Drug discovery is the basis of the modern pharmaceutical market, and encompasses most of the industry’s research and development funding [1]. On average, it takes 12–15 years and $985million to deliver a drug to market, demonstrating the exhaustive time and effort required to complete the drug discovery process [2, 3]. Drug-Target Interaction (DTI) analysis is one of the most critical parts of drug discovery, and it involves calculating the binding affinity between a target protein and a ligand molecule so that appropriate ligand candidates for drugs can be chosen. These ligand candidates go on to be included in in vitro experimentation in order to identify lead compounds for the final drug. The affinity of a ligand to bind with a protein depends on the atomic interactions between the ligand and the binding region (referred to as the “binding pocket”) on the protein (Fig.1) [4].

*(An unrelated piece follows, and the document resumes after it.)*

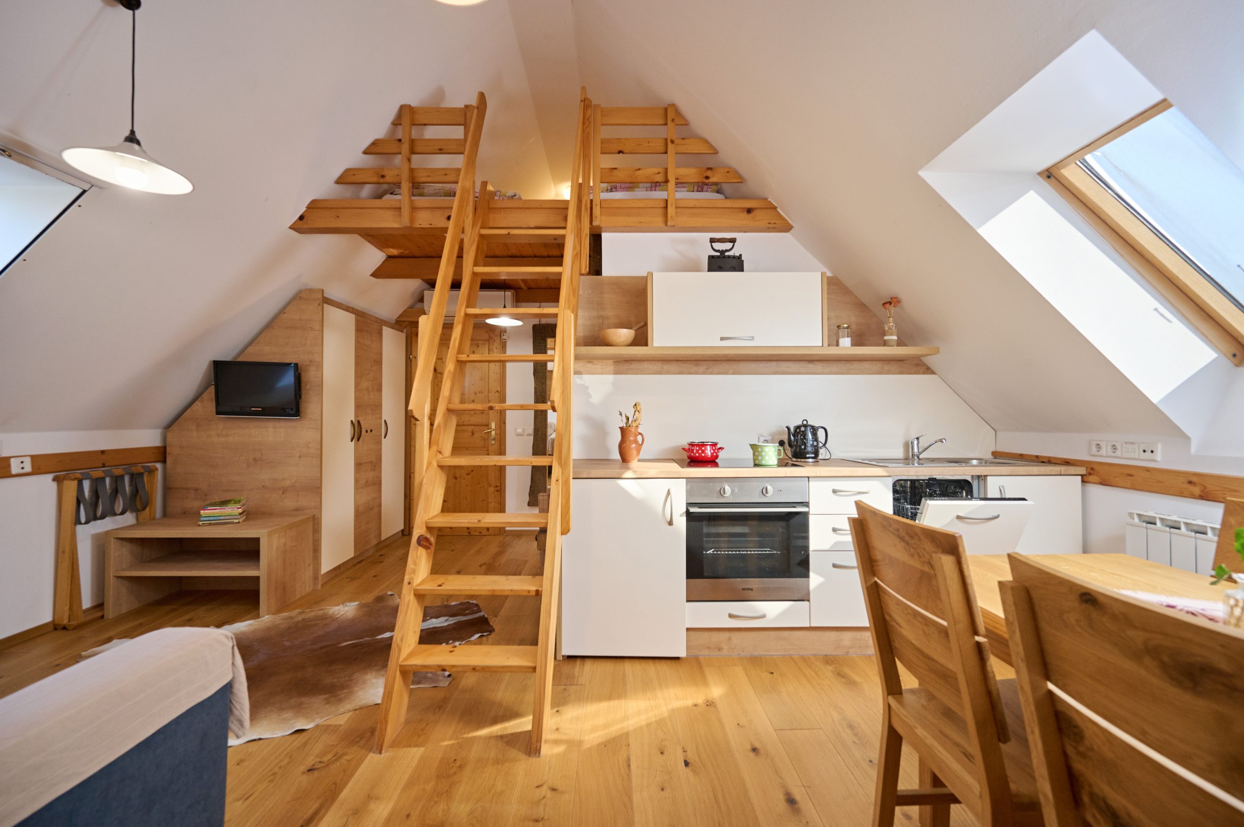 Apartma številka 9 obsega 32 m2. V kolikor ne boste uživali v večerji iz lokalnih sestavin, ki jo pripravimo na terasi pod apartmajem, vam polno opremljena kuhinja omogoča, da si pripravite kosilo ali večerjo po vašem okusu. Prostorna kuhinja je opremljena s pečico, pomivalnim strojem, posodo, priborom in krožniki. Vključuje tudi hladilnik in grelnik vode. Pripravljeno hrano lahko pojeste v jedilnem kotu.

Calculating the binding affinity between a protein and ligand can be completed through Virtual Screening (VS), where compounds are screened and binding affinity calculated using software [5] (Fig.2). The “Scoring Function”, which is the function used to calculate binding affinity, is critical for VS. Machine Learning (ML) algorithms have demonstrated considerable promise as a scoring function compared to other standard function types [6]. Given a set of training data, ML algorithms are able to learn pharmaco-like features from protein-ligand models through supervised learning functions. This allows them to accurately predict the binding affinity based on learned features that have statistically high influence [7–9, 11]. However, ML algorithms “overfit”, or learn patterns that do not correlate to a physical phenomena but still decrease error by chance [7–9, 11, 12]. This reduces their ability to generalize to out-of-distribution (OOD) data, making them unreliable for analyzing novel ligand candidates [7]. It is necessary to uncover underlying relationships between the features of protein-ligand data in order to inform the development of ML models that experience less overfitting [8].

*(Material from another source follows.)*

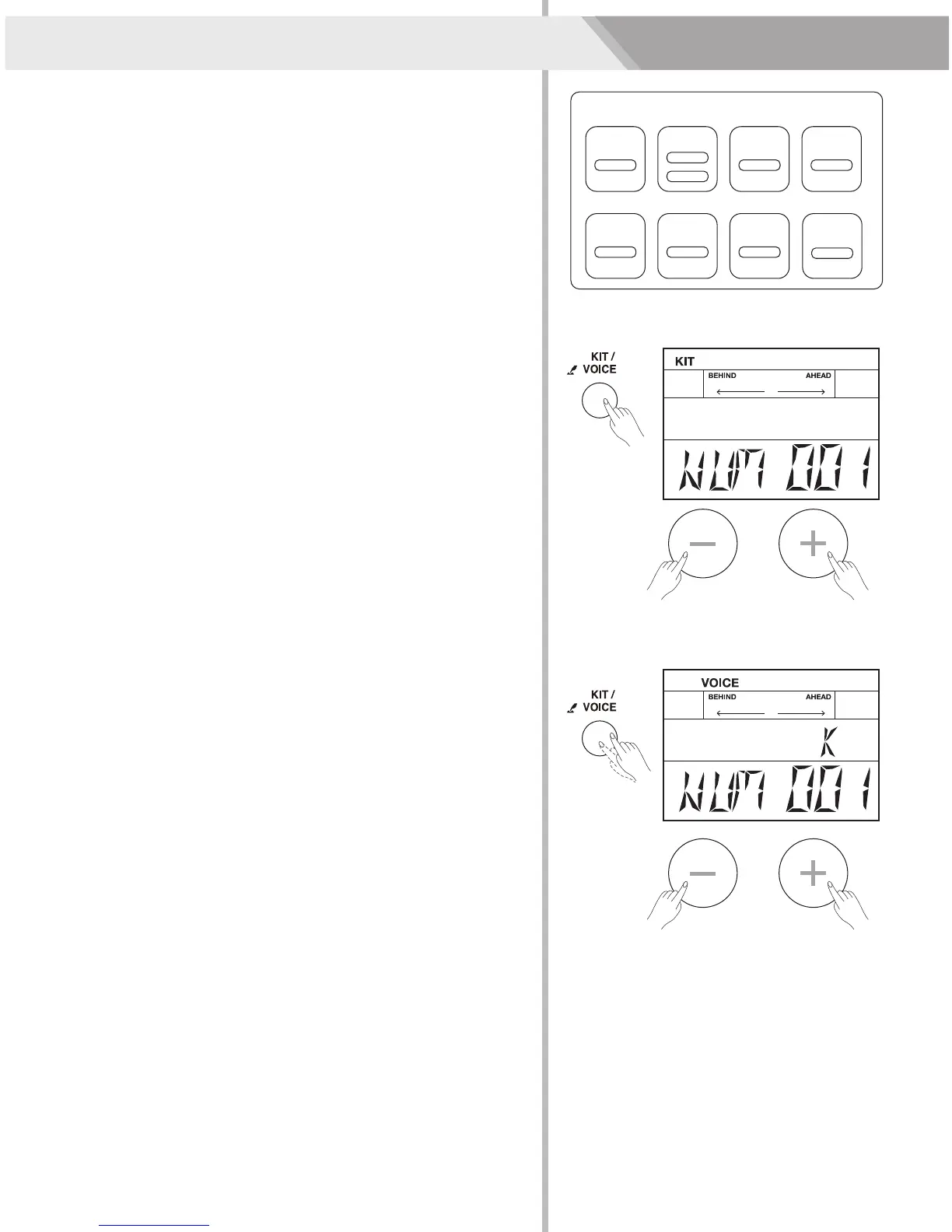 2. Press the [+]/ [-] button to select your desired drum kit. (Refer to

Supervised learning techniques used to predict binding affinity can also analyze features, yet the results suffer from inconsistency and unreliability due to the overfitting of their parent algorithms [13, 14]. In comparison, unsupervised learning techniques such as Principal Component Analysis (PCA) are effective at identifying important features from protein-ligand models without overfitting because they are not designed to only minimize prediction error [15, 17]. t-Distributed Stochastic Neighbor Embedding (t-SNE) is also useful at visualizing the features of proteins due to its ability to retain high-dimensional information in low-dimensional space [16]. However, unsupervised learning has not been applied to analyze the differences between protein-ligand complexes in regards to their binding affinity. This is a research gap that can be filled to help develop ML models which learn protein-ligand feature patterns without considerably overfitting.
Objectives:
There is a pressing need to reliably identify specific biomechanical features that influence binding affinity and quantify their effect on ML performance. Current literature either suffer from drawbacks in reliability and consistency caused by supervised learning or do not specifically analyze the variance in binding affinity caused by protein/ligand features. The objectives of this study are three-fold: 1) Discover the presence of underlying biomechanical interactions that influence binding affinity, 2) Identify specific pharmaco-like features responsible for high variance in binding affinities, and 3) Determine the effect of these features on the performance of ML models in predicting binding affinity.
Gathering a greater understanding of which features influence binding affinity is necessary for designing ML models that do not overfit to training data and interpret noisy features as important patterns. Models will thereby be more generalizable to OOD data, and more successful at identifying lead compounds for inclusion in innovative drugs.